Assignment - Transcribe, starting at the line with "7月19日,新城西门村,湖南" and ending at the line with "Op Instagram schrijft", every line of the material below exactly, but leave out the pictures and anything outside that span.

Data -
----

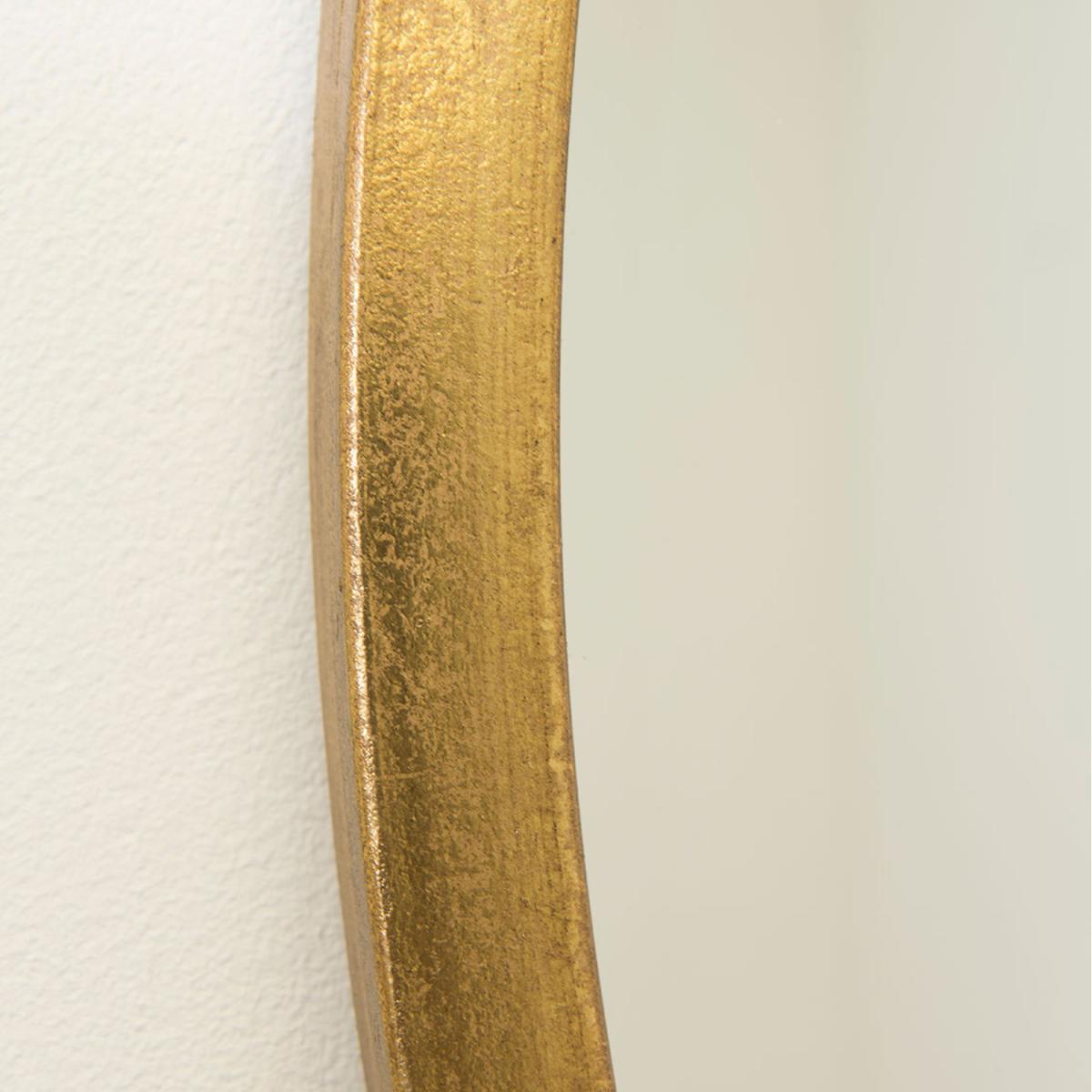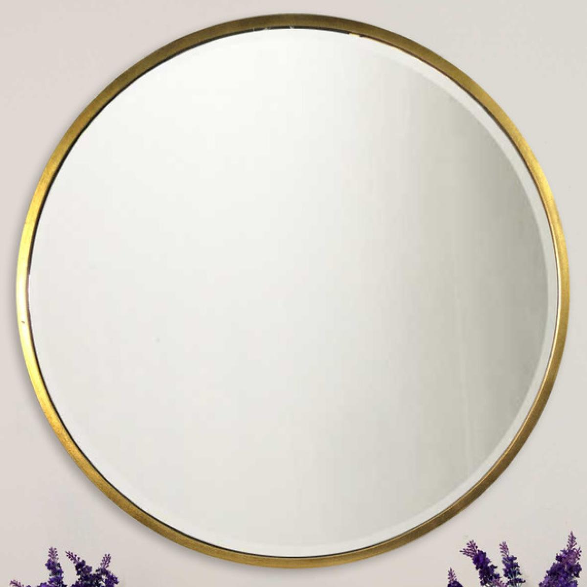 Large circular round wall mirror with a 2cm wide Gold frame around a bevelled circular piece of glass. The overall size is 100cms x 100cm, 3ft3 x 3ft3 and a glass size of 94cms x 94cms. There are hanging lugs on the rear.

----

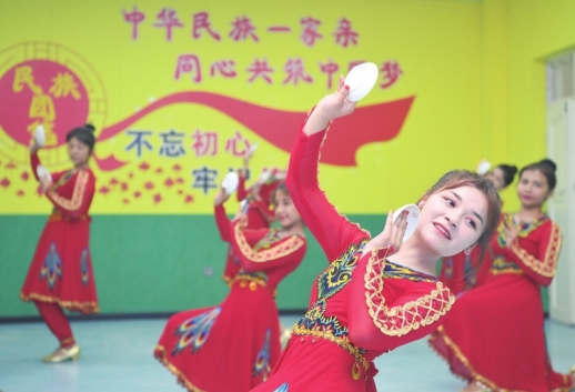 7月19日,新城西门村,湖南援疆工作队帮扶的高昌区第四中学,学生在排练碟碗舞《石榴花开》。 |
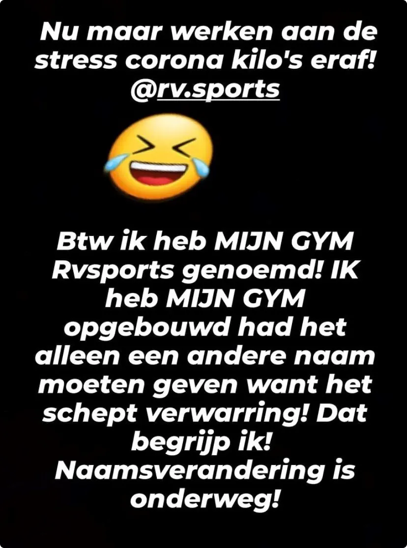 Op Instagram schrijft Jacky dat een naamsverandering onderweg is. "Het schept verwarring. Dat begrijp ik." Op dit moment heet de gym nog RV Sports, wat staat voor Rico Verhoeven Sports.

----

Answer -
 7月19日,新城西门村,湖南援疆工作队帮扶的高昌区第四中学,学生在排练碟碗舞《石榴花开》。 |
 Op Instagram schrijft Jacky dat een naamsverandering onderweg is. "Het schept verwarring. Dat begrijp ik." Op dit moment heet de gym nog RV Sports, wat staat voor Rico Verhoeven Sports.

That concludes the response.